Phyllis Tickle has written a book, The Great Emergence: How Christianity Is Changing and Why. I was introduced to these ideas by Dr. David Busic at his inauguration as President of Nazarene Theological Seminary.

Tickle suggests that about every 500 years there is a kind of era change in the world that requires a “reformation” of the church.
30-50 - The Birth of the Church (Pentecost)

50 – The Jerusalem Council – Gentiles did not have to become Jews first to become Christians.

500 – Councils contended for orthodoxy and the confessional faith (mostly conversations about Jesus)
1000 – The Great Schism between Roman Catholicism and the Orthodox Church.
1500 – The Great Protestant Reformation – Martin Luther – The birth of modernity.

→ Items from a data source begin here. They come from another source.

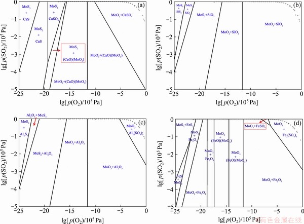 Fig. 9 Predominance phase diagram of Mo-Me-S-O quaternary systems at 873 K (Me represents Ca, Si, Al, and Fe) (“+”=1.01×105 Pa)
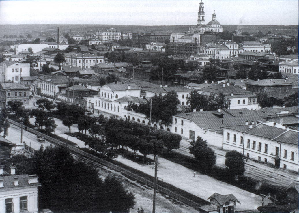 (без подписи) ![]() Ещё одно известное фото. Панорама с колокольни Екатерининской церкви на северо-восток. На переднем плане - Нуровский сквер, сразу за которым Пушкинская улица (ныне ул. Пушкина). |
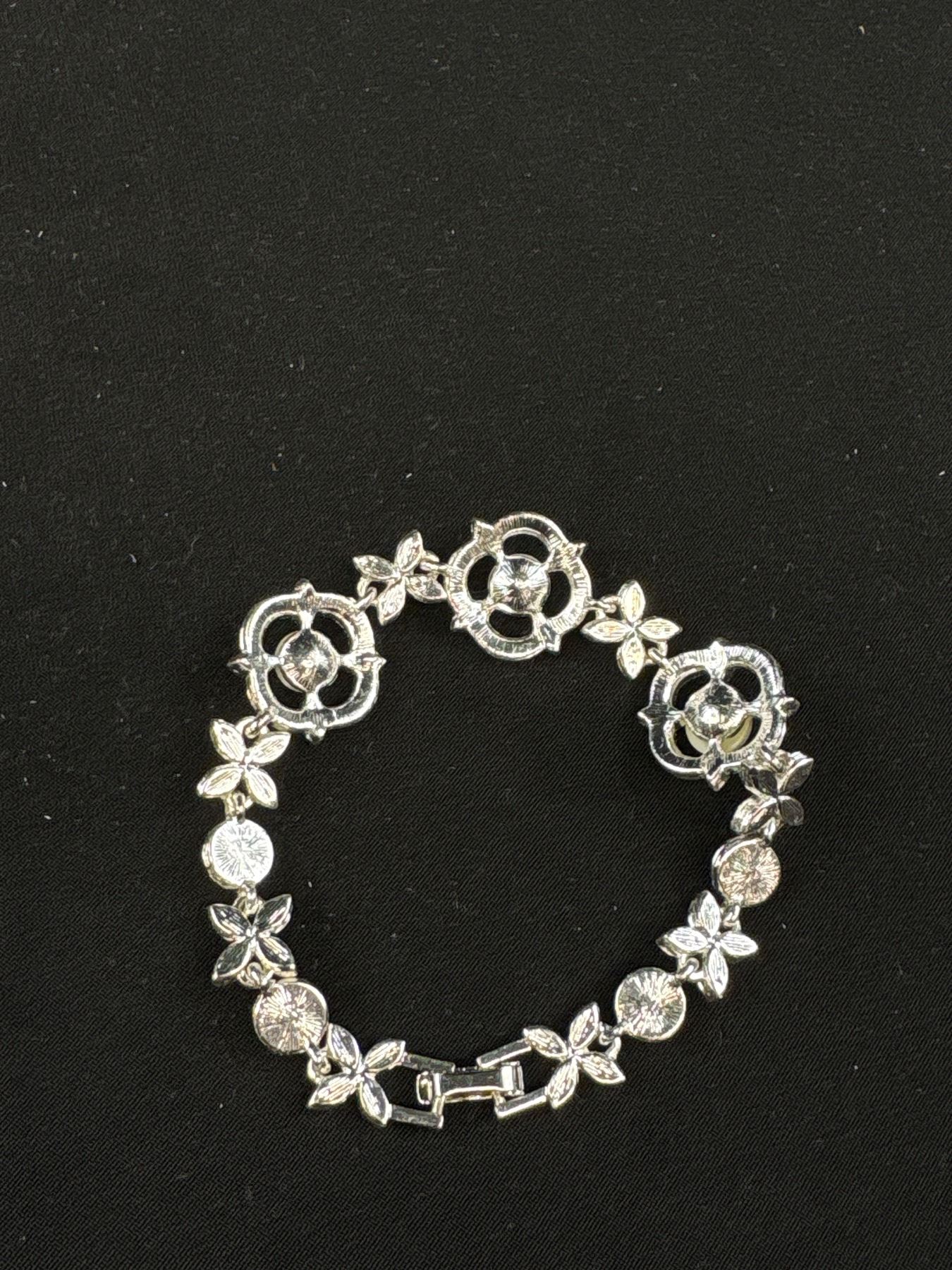 Beautiful Silver Plated w/ Cultured Freshwater Pearls + Rhinestones Bracelet

2000 – The Great Emergence. (Tickle’s term) – The birth of post-modernity, from the age of reason to post-modernity.
A generalized social/political/economic/intellectual/cultural shift, and like previous “re-formations”, the church is trying to figure out how to remain missionally effective in this world.
According to Mark Dyer, a study of church history reveals that with each of those “great” movements . . . about every 500 years . . . “the church feels compelled to hold a giant rummage sale”.
"We’ve got to figure out what missional practices we need to take to the corner and sell. . . What “missional expression and strategies” that may have worked in the 20th Century but have served their purpose and need to be replaced? We must discern what is truly biblical and worthy to keep and what is extra-biblical and needs to be drug to the corner and sold."